A peça analisou questões a respeito do funcionamento de manicômios e centros psiquiátricos, e discutiu o adoecimento do sistema social, a loucura, o estigma e a psicofobia sob o viés do racismo.

Yuri conta que a obra possui uma relação muito forte com seu objeto de pesquisa de mestrado: “Dialoga muito. Inclusive, o processo de estudos que se desenvolveram a partir do Holocausto Brasileiro entrou para a minha dissertação de forma efetiva”.

Um dos diversos traços em comum entre o trabalho de Yuri e a peça Holocausto Brasileiro é  o recorte dado à questão do tratamento de pessoas com transtornos mentais no Brasil sob uma perspectiva racial.

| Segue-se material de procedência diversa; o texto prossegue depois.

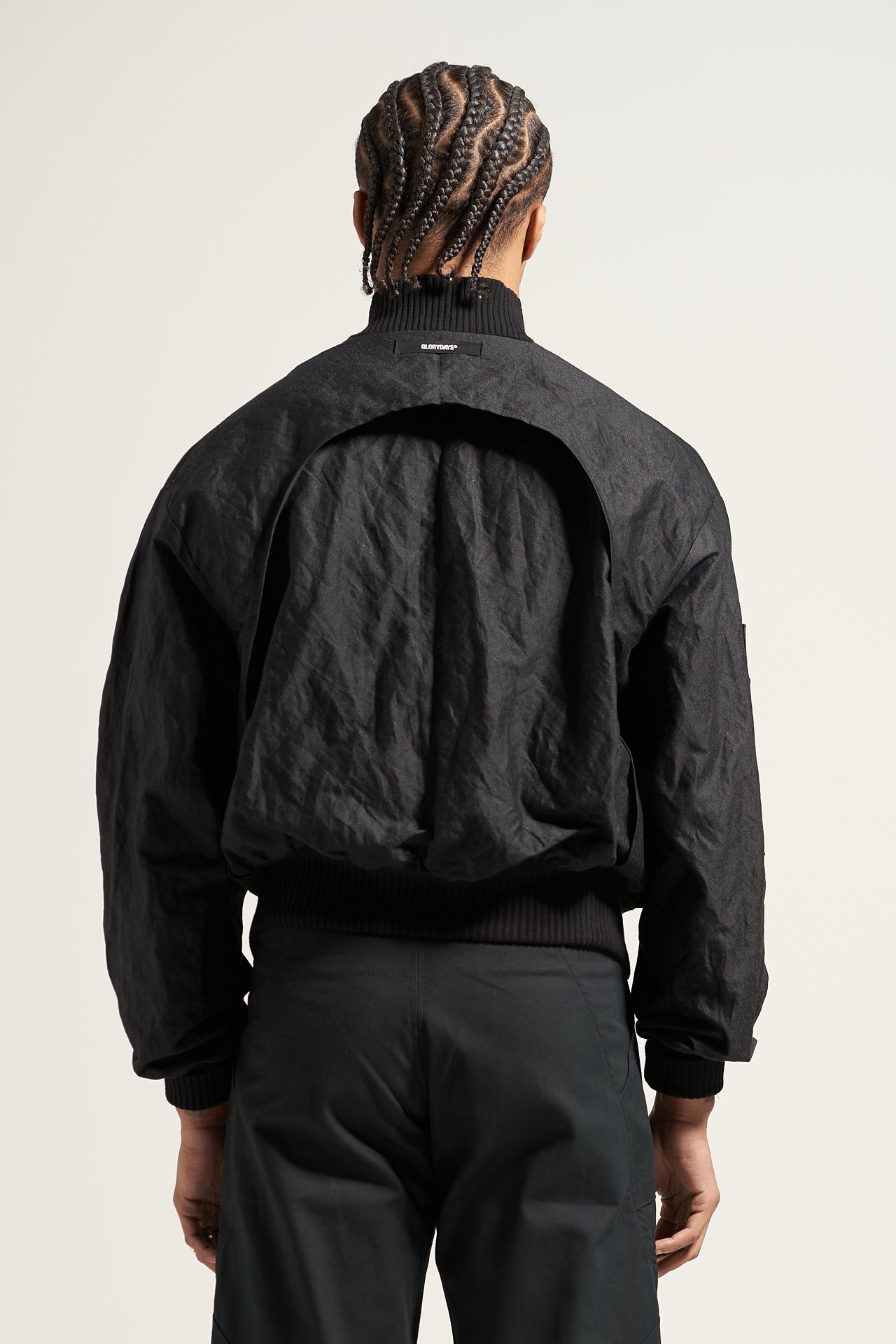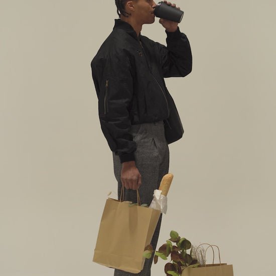 The Bomber is Cut from a very unique 87% cotton/ 13% metal blend that subtly sparkles in the light. Features a boxy cut, 2 way heavy brass zipper, brushed cotton flannel lining, 2 big front inseam pockets, oversized zip arm pocket and 100% cotton rib, cuffs, and neckline.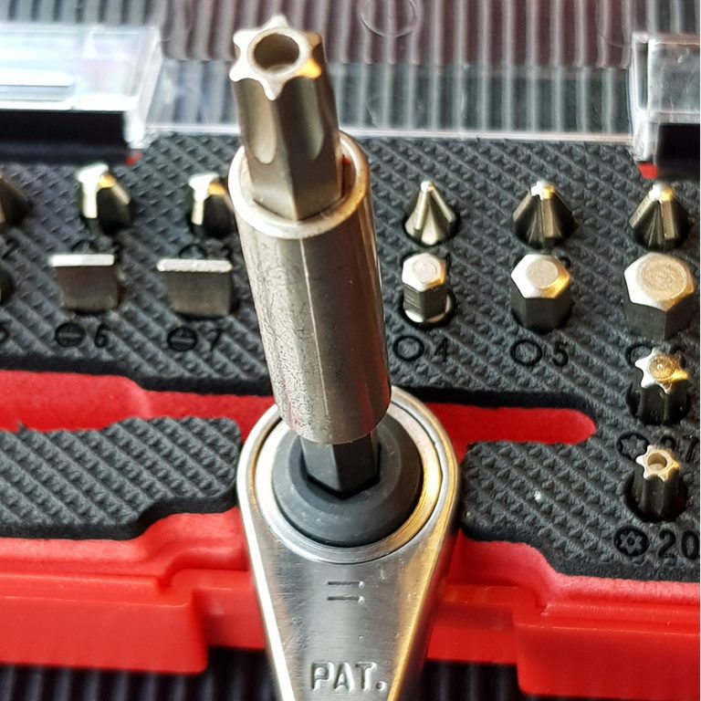 The Jimy Tools 38 piece security bit set is a handy inclusion to your tool kit the set includes a stainless steel ratchet handle, blade and Phillips screwdriver bits, tamper proof and standard Torx® bits, hex bits, a magnetic bit holder and 1/4” square drive adapter. The stainless steel ratchet handle is only 95mm long making this compact set ideal for use in confined spaces.

De forma geral, Yuri considera que participar do espetáculo agregou bastante ao seu processo de pesquisa. “O Holocausto foi maravilhoso, porque Diego Araúja [diretor] e Gabriela Rocha [produtora] tiveram uma pesquisa muito profunda para fazer um texto extremamente consistente, que versa sobre a história do Brasil, sobre essas políticas que perpassam o pós-abolição, os processos de eugenia, higienização e gentrificação que desembocam em processos altamente contemporâneos”.

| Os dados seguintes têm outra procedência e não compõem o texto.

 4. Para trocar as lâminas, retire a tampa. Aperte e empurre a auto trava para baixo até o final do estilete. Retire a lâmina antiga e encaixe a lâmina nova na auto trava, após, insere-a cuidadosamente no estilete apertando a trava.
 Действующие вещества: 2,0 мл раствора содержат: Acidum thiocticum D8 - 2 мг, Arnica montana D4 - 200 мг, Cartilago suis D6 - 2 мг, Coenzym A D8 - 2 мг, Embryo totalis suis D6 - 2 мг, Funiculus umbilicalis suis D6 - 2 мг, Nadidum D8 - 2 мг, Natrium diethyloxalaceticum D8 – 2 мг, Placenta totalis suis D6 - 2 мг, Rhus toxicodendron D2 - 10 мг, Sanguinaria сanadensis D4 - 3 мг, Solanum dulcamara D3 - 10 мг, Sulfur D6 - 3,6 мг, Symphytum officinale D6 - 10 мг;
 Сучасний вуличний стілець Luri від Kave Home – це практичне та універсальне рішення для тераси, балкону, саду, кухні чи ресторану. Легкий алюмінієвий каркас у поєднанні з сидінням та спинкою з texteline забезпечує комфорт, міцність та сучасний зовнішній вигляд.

Para Yuri, esse tipo de ação artística é uma resposta às ações que tentam diminuir a voz e o espaço de pessoas como ela. “Tudo o que se almeja é que a gente não tenha memória. Que a gente se esqueça dos processos que pautaram nós e nossos ancestrais. E nós trazemos a memória contra o apagamento sistemático de nossas vidas”, defende.

Expectativas
A publicação deste trabalho representa, para Yuri, a expectativa de conseguir alguns avanços em sua carreira, inclusive, no sentido financeiro, o que iria ajudá-la e também dar a opção de conseguir cooperar com outros parceiros. “Esse livro precisa me ajudar a sobreviver. A viver dignamente dentro desse processo de eu poder colaborar com meus irmãos e irmãs. De eu poder colaborar com muitas lutas sociais, porque eu não penso só em mim”, conta. 

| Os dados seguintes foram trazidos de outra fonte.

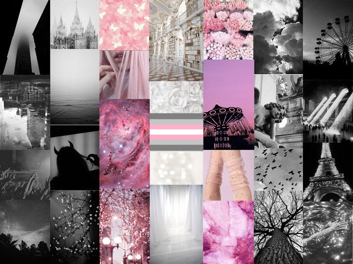 Illustration of collage maker interface showing a cursor selecting an image within a grid layout, depicted in pink and blue tones.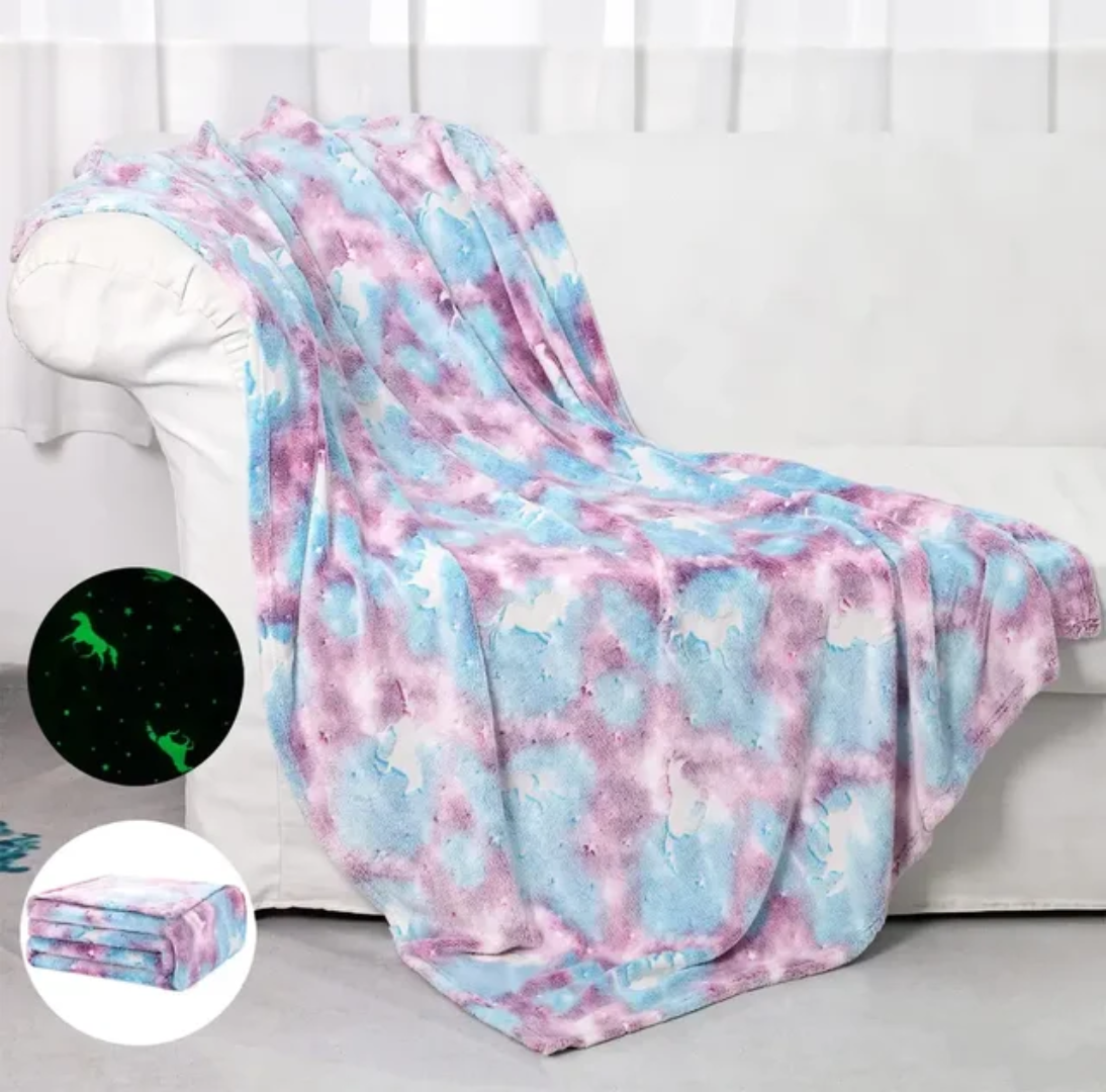 پتو مسافرتی مدل شبنما ۱نفره کد ۲۵(یونیکورن آبرنگی)

Além do livro, Yuri já tem outros projetos em mente. Em dezembro, irá estrear a performance “Em Nome da Razão” que surgiu através do seu próprio projeto de pesquisa de mestrado e que se propõe a investigar a relação entre a loucura e a sociedade contemporânea, baseando-se em uma perspectiva que reconfigura estados e sensações vivenciados por Yuri a partir de processos psicóticos e de internamento sofridos por ela. 

O espetáculo ficará em cartaz nos dias 4, 5, 6, 11, 12 e 13 no Teatro Gamboa Nova, no Largo dos Aflitos. Mais informações podem ser conferidas clicando aqui.

Para Yuri, tanto o livro, como as performances e estudos que já fez e continua fazendo, são ações que não podem parar de acontecer: “Nós não escolhemos não ter paz. Nós lutamos para que haja paz, mas, como diz Jota Mombaça, a paz não é uma opção”.